The day I cried at yoga

Very early this morning, after a mere two hours of sleep, my anxiety woke me. After watching the end to an awful and divisive presidential election, rest mostly eluded me. I have made no secret of my own particular leanings this year. I felt devastated as the reality of an ending that almost no one predicted rolled out over hours. How the hell am I going to explain this to my daughters? They have heard with their own ears the way that this president-elect speaks about women and immigrants and people with disabilities and… “Will my Muslim friend now be deported?” “Is he really going to build a wall?” “Mom, I am afraid.”

So I headed to a place where I most often find peace. The yoga room. My teacher walked in with intention. She almost sounded like a drill sergeant as she grasped for words of response to the early morning news. I imagine that she leaned the same way that I did – most yoga instructors probably did. She reminded us of the sacred community in our midst on several occasions. We focused on heart opening exercises. At one point, she had us balance multiple times on each foot. There was so much wobbling all around.

Toward the end of class, she said, “I invite you to join in the river of the room.” We all lined up right in the middle as she instructed us to put our hands on the shoulder of our neighbor. Then we balanced once again. “How does this feel differently when we lean on and support each other?” It was like night and day. I was at ease and knew that my neighbor would not let me fall down. Cleansing tears were released to flow down my face. I have never before cried during yoga.

My greatest concern with this president-elect is how he has normalized the speaking out loud of things racist and misogynistic and hate-filled. Yesterday, I listened to the story of a Vietnamese adoptee who passed by one of his political rallies on her college campus, and his supporters felt the freedom to yell at her “go back where you came from.” She was shaken to the core. She looks very much like my daughters.

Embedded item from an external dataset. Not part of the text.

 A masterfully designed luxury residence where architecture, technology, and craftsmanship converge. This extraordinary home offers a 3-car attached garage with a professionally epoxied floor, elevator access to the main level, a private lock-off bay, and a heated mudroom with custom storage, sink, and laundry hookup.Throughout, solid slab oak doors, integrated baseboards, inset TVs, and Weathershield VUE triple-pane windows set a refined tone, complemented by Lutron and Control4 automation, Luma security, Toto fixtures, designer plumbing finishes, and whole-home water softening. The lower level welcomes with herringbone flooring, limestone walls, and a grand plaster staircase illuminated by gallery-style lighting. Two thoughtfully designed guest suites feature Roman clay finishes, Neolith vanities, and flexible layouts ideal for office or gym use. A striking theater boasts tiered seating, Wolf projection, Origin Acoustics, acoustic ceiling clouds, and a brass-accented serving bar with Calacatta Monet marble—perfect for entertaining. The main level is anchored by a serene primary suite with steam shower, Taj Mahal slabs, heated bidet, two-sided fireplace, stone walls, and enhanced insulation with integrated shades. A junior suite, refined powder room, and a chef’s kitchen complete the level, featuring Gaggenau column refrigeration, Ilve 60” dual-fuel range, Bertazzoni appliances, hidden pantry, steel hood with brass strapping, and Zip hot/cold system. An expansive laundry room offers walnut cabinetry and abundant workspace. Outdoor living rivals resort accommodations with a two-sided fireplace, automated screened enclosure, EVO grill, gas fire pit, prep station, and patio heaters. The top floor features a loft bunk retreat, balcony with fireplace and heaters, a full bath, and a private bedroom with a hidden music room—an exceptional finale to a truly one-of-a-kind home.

The sludge of human prejudice that we all battle inside has been emboldened to shoot out loud from mouths more freely and without pushback from those who know better. We are closing our ears and our hearts to those we deem “other.” I want to be able to tolerate the voices of the “others” in my life, but when that which is being spoken is filled with contempt and hatred, I draw a line. I will not be silent.

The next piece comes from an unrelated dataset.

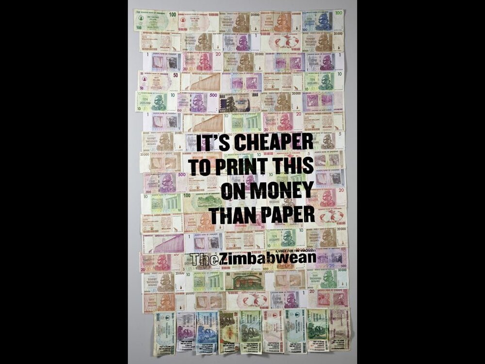 İngiltere ve Güney Afrika’da yayınlanan gazetenin satışlarını yükseltmek için yapılan kampanya, ülkenin durumu hakkında farkındalık yaratmak için afiş ve ilan panolarında bir reklam aracı olarak kullanıldı. Kampanyada değersizleşen paralar bir sanat ögesi ve eleştiri olarak bulunuyor.
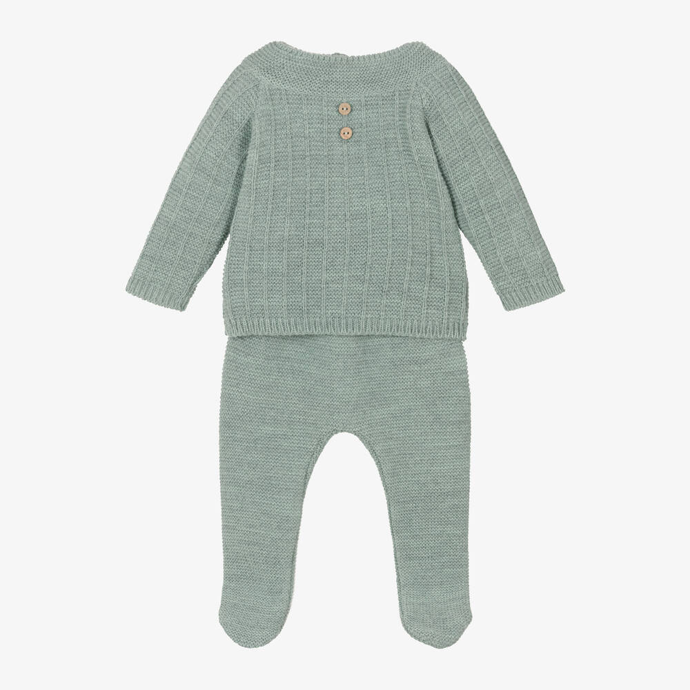 A lovely sea green two-piece babygrow for boys and girls by Mebi. Simply styled, the long-sleeved top has beige button decorations on the chest and matching button fastenings on the reverse. The coordinating bottoms have a stretchy ribbed waistband for comfortable wear. Mebi is a very small fitting brand, please choose a size up to allow room to grow.

I will continue to return to the river that my yoga instructor invited me to this morning. When my daughters looked at me this morning with fear and confusion, I hugged them and said, “We will love and support each other, we will love our neighbors, we will love God, and we will move forward.” When a man with skin tones different than my own arrived to work at my home this morning, he said, “you were up late last night, weren’t you?” We hugged each other. For this day and this moment as well as any challenging ones ahead, I will do my best to stand in the river.